SPRINGFIELD, MO. — I have two friends with widely different views of the local church. One is a self-proclaimed “church hopper”; the other is a “nonhopper.”
The hopper selects churches like he does restaurants — based on what will satisfy his spiritual taste buds on a particular Sunday. He’s accustomed to feasting off the ministry menus of local churches without making a deposit of his time and resources.
The nonhopper, on the other hand, views his church as a spiritual bank — a place to invest his time and resources for the purpose of yielding an eternal dividend. He’s remained faithful to his church for 30 years, continuing to labor when the once-small congregation was without a pastor and struggling to meet its financial obligations.
Each time the nonhopper became discouraged by the empty pews and contemplated hopping to another church, the Lord spoke to his heart, Remain faithful to where I have called you.
God rewarded my friend’s decision to stay and work. Today the church is thriving and has a dynamic outreach to the community.
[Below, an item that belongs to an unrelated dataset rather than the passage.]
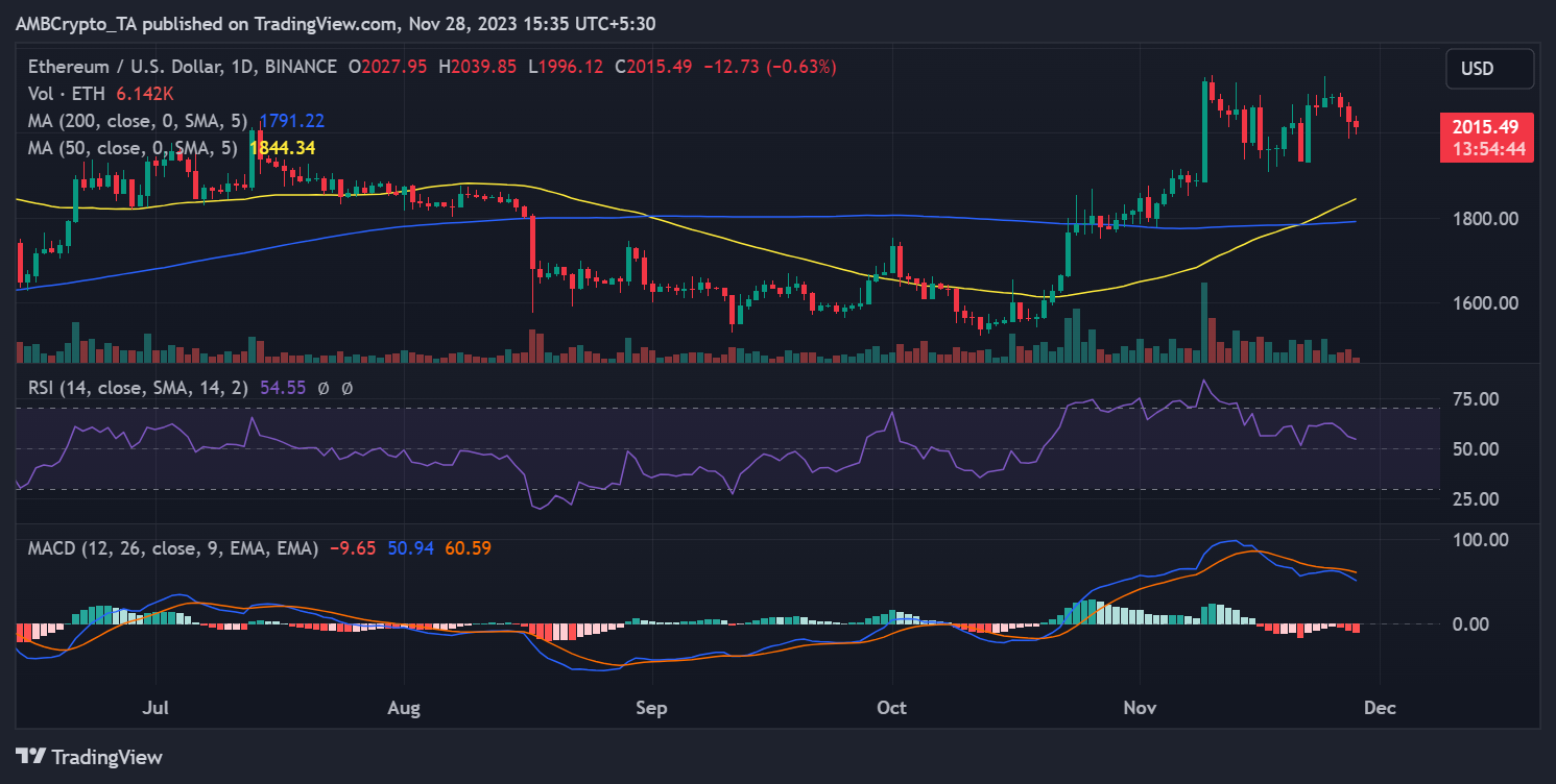 Al momento de escribir este artículo, Ethereum cotizaba a alrededor de $2015, experimentando una ligera caída de menos del 1% en valor.

Many have found Christ and are growing in the Lord.
Recently I said to the nonhopper, “It must feel great walking into that crowded sanctuary on Sundays and having difficulty finding a seat.”
“It does,” he replied. “But it also reminds me that the people in this community have a church today because we didn’t give up when times were tough.”
My friend is a living example that we get out of church what we put into it. Hopping from church to church is more carefree, but it isn’t as fulfilling. Active participation in a local church will result in spiritual growth, lasting relationships and, ultimately, a congregation that will have a greater impact on its community.